Saying that oncology drugs, like most specialty drugs, incur coinsurance costs to patients, Dr Bach said that the out-of-pocket costs to patients will go up. “The out-of-pocket cost for patients is indexed to the price of the drug, and that price is not what the doctor paid, which will be discounted under 340B,” he said. It is what the insurer pays.”
Regulation Will Cut Needed Costs and Services
Opponents of the regulation essentially argue that that the substantial cuts to Medicare payments for outpatient drugs to hospitals in the 340B program will adversely affect patients by, among other things, eliminating important services that these hospitals can provide for low-income patients.
“Hospitals that participate in the program utilize the savings they achieve by these reduced costs to expand services for low income and rural patients to provide free or reduced cost drugs but also other services that support patients and their care,” said Mr Sorian.
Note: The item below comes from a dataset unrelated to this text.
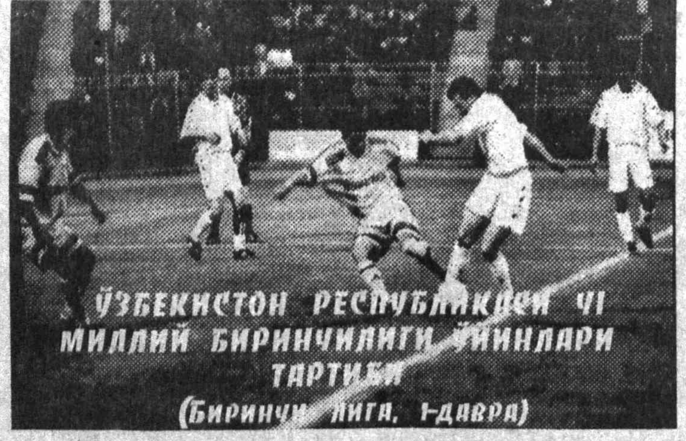
ЎЗБЕКИСТОН РЕСПУБЛИКАСИ ЧИ МИЛЛИЙ БИРИНЧИЛИГИ УНИВЕРСАДА ТАРТИБИ (БИРИНЧИ ЛИГА, 1-ДАВРА)

Examples of how hospitals use the savings they achieve under the 340B program to provide services for uninsured and low-income patients were recently provided by The Association of American Medical Colleges, one of many health care groups against the cuts to the 340B program (Table 1).
As to the charge that the increasing discounts and rebates mandated through the 340B program are pushing the costs of drugs higher, Mr Sorian emphasized that no evidence supports this. “Drug prices are going up because drug companies have increased their prices and set prices on new drugs at very high levels,” he said. “There is absolutely no evidence that the discounts that drug companies are required to offer have an upward impact on the cost of drugs.”
Mr Sorian also dismissed the idea that the discounts offered through the 340B program are making it necessary for drug companies to raise drug costs. “The total discounts for 340B facilities, hospitals, and clinics in 2015 was $6 billion; that is 1.3% of total US drug sales,” he said. “In contrast, the drug companies have spent four times that amount on marketing and advertising their products.”
Under the final rule, Medicare payments for outpatient drugs to hospitals in the 340B program will be cut by 28.5% beginning on January 1, 2018. Representing an estimated $1.6 billion in cuts, opponents of the program changes argue that such cuts will cause a reduction in serves to low income and uninsured patients and will do little to stem the increasing cost of drugs. Proponents of the changes point to the need for better regulation of the program, citing the expansion of 340B hospitals beyond the original intent and the incentives of hospitals to profit from the program.